So many ways to be wet, the dangerous kind, the puddle kind, gumboot smiles and Tweety Bird umbrella memories wet, 1981 wet, being in the rain and your dad’s afro haircut getting all soggy and you see the shape of his head for the first time wet. Fun wet, 11 wet, dressed in a bikini for the first time, it’s all baggy where your breasts are supposed to be. You tie a garbage bag around your waist so you can pretend to be a mermaid, jumping off the bridge and yelling ‘Madonna!’ as you crash into the water.
Wet teenager, first kiss, someone else’s tongue in your mouth feels…wet. Palms clammy.
Wet pool, the thick skin of chlorine and protective bath towel to wrap you up in year 7, awkward wet. Female wet, not the first wet, the tease wet, the wet you don’t even understand yet wet.
The woman’s wet, the curdle scream yearn primeval wet. The wet that’s like a mini water balloon full of sardines. Sad wet, where you’re crying and only fountains understand, so you jump off trams like some kind of crazy messed up fountain addict. You see one and sit by it and look knowingly at the constant
downfall
of water suddenly understanding why there are so many fountains in the city.
Sea wet, beyond you wet, a salty big rough jerk wet that tastes like the other sort of wet, but has so many different rhythms and versions of blue. The hose on a hot day, so intensively cold it shocks you but feels so good to be wet wet.

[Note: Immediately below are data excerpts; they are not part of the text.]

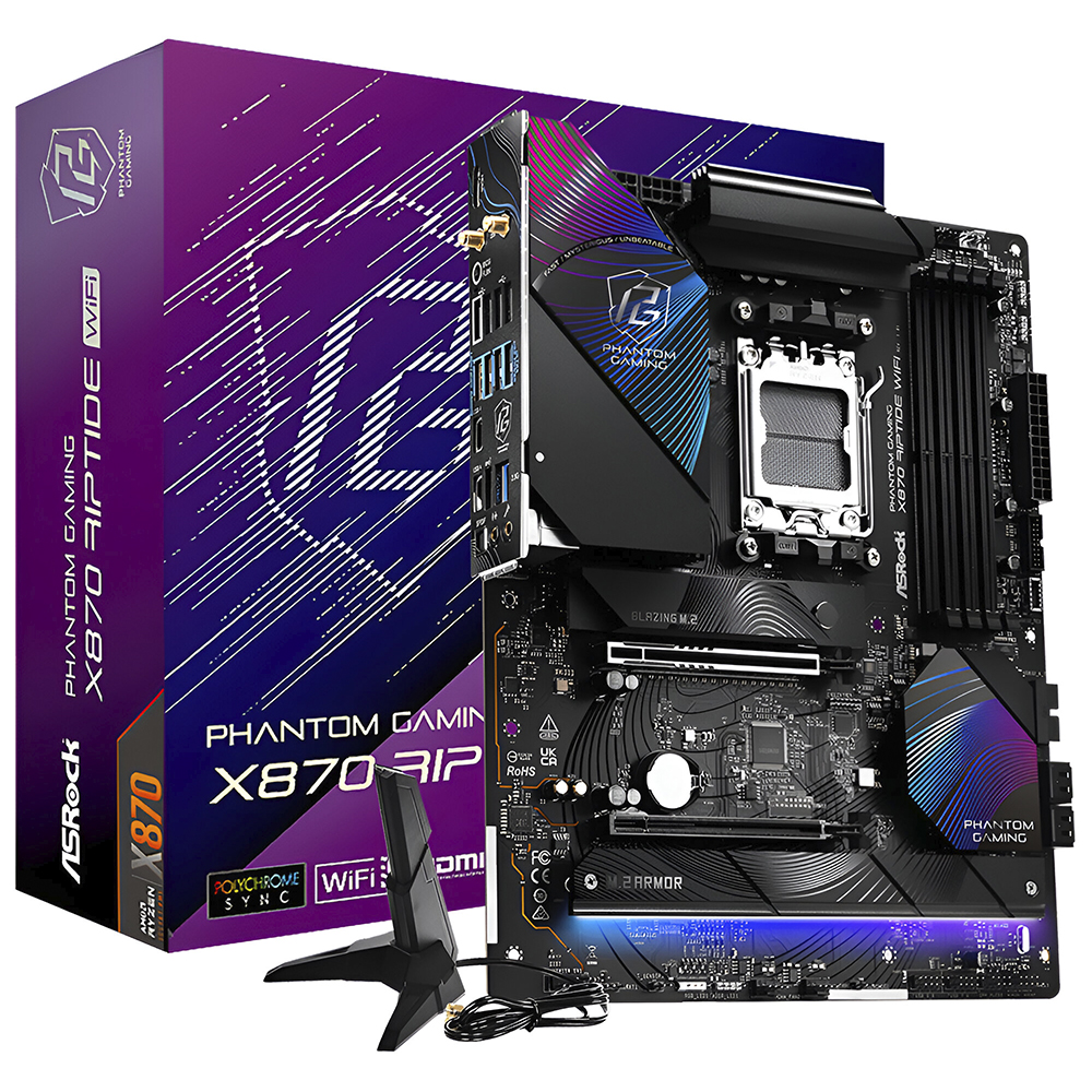 A ASRock X870 Riptide Wi-Fi é uma placa-mãe ATX projetada para quem deseja explorar ao máximo o potencial de seus equipamentos. Sua estética moderna, com dissipadores de grande porte e acabamentos de alta qualidade, reflete a potência que esconde em seu interior, tornando-a o coração perfeito para configurações de última geração para jogos e criação de conteúdo. Equipada pelo socket AM5 e chipset AMD X870, oferece compatibilidade com processadores AMD Ryzen Series 9000, 8000 e 7000.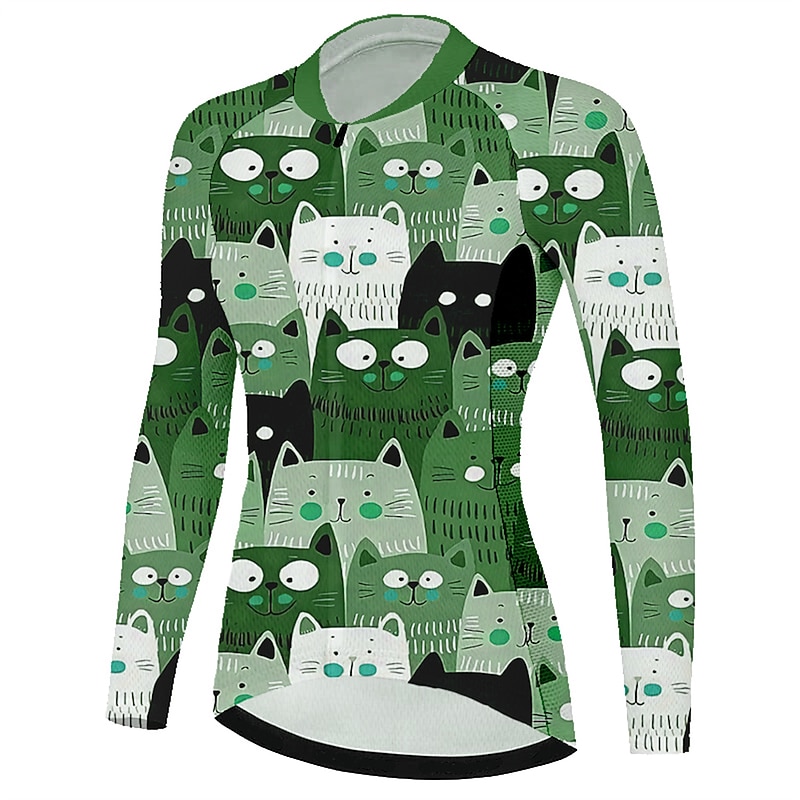 Highlights - Long sleeves for maximum coverage and protection - Specifically designed for women - Stretchy for comfort and flexibility during activities - Ideal for athleisure wear, combining form and function - Quick dry technology to keep you feeling fresh and comfortable - Moisture-wicking properties to help you stay dry and cool - Fun cat pattern adds a playful touch to your outfit - Perfect for mountain biking and road cycling enthusiasts alike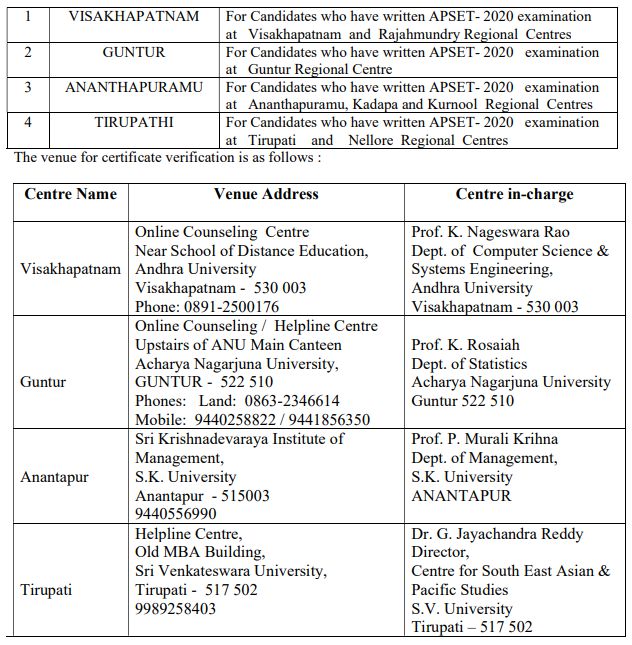 APSET Counselling Dates 2021 – Certificate Verification Schedule and Venues: The Certificate verification for the APSET-2020 qualified candidates will be conducted at the following Four Centres from 15-03-2021 TO 18-03-2021.

Shower after a hangover, cleaning off the dregs of disposable conversation out of your hair wet out of your skin wet, because for that moment as the hot water is streaming down your back you are forgiven everything. That water is so soft and so kind. Not like a tidal wave that seems like terror wet, angry wet, flood wet, where there is just no way you could imagine being dry wet. Not like that wet.
The human body is 70% water, this wet knows you.
And this wet is the other 30% coming home.